Reg Green, who authored a book called “”The Nicholas Effect” and dedicates himself full-time to The Nicholas Green Foundation, joked that he expected there would a flood of marriage proposals in the wake of his daughter’s trip to Italy.

“We are enormously proud of her to have gone alone and to carry the burden,” Reg said. “Everyone remarked on her poise. It is a tough audience. She went to three different cities...and she was constantly meeting new people and press.”

The work of the Green family has paid off. In 1994, the rate of organ donations in Italy was 4.2 per million inhabitants.
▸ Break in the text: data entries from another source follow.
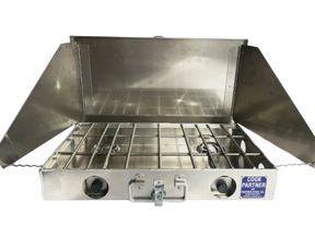 All Partner Steel stoves are made from high grade aluminum and hand welded by their expert, professional welders. The grills are stainless steel and the gas manifolds are brass. Other than the burners, the entire stove is designed to remain rust-free and very low maintenance, providing years of service even in the most harsh environments. All stoves come with regulator and hoses.
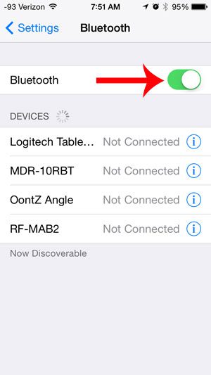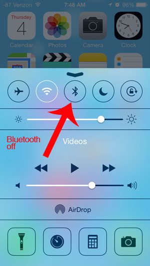 然后您可以触摸右侧的按钮蓝牙打开它并准备您的 iPhone 以开始与蓝牙设备同步。下图中蓝牙已打开。
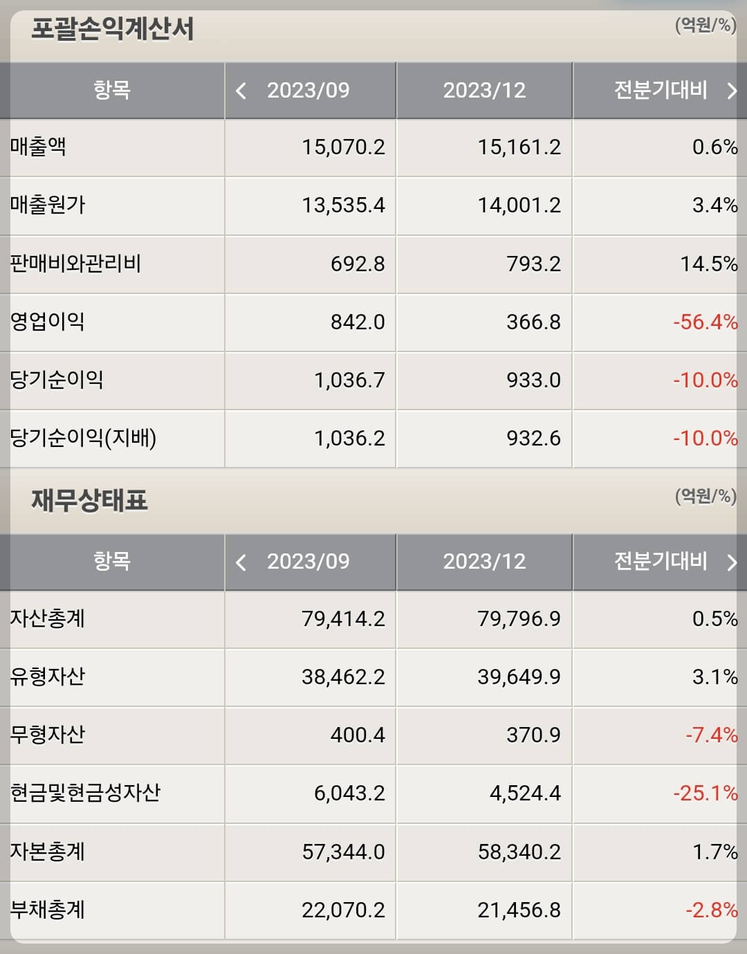 하지만 업황이 그렇다는 것이고 금호석유는 이런 최악의 상황에서도 작년 3,600억의 영업이익을 기록했고 50% 미만의 부채비율을 유지하며 최고의 재무건전성을 확보하고 있습니다. 올해에도 작년과 비슷한 수준의 영업이익을 예상할 수 있으며 탄탄한 재무건전성을 바탕으로 자사주 소각 및 현금배당을 준비함에 따라 밸류업 프로그램의 수혜주로 분류되기도 했습니다.

Today, that number is 18 per million.

“I think that the thing that I have realized about this whole process is that when people do talk about organ donation, they come to realize it is what they do want,” Eleanor said. “But starting that conversation is something that almost never happens. People are afraid to talk about what will happen when they die...Starting that conversation and making it known to your family is the easiest way to increase donations. All that we hope to do by working at this is to make it something that people aren’t afraid to talk about.”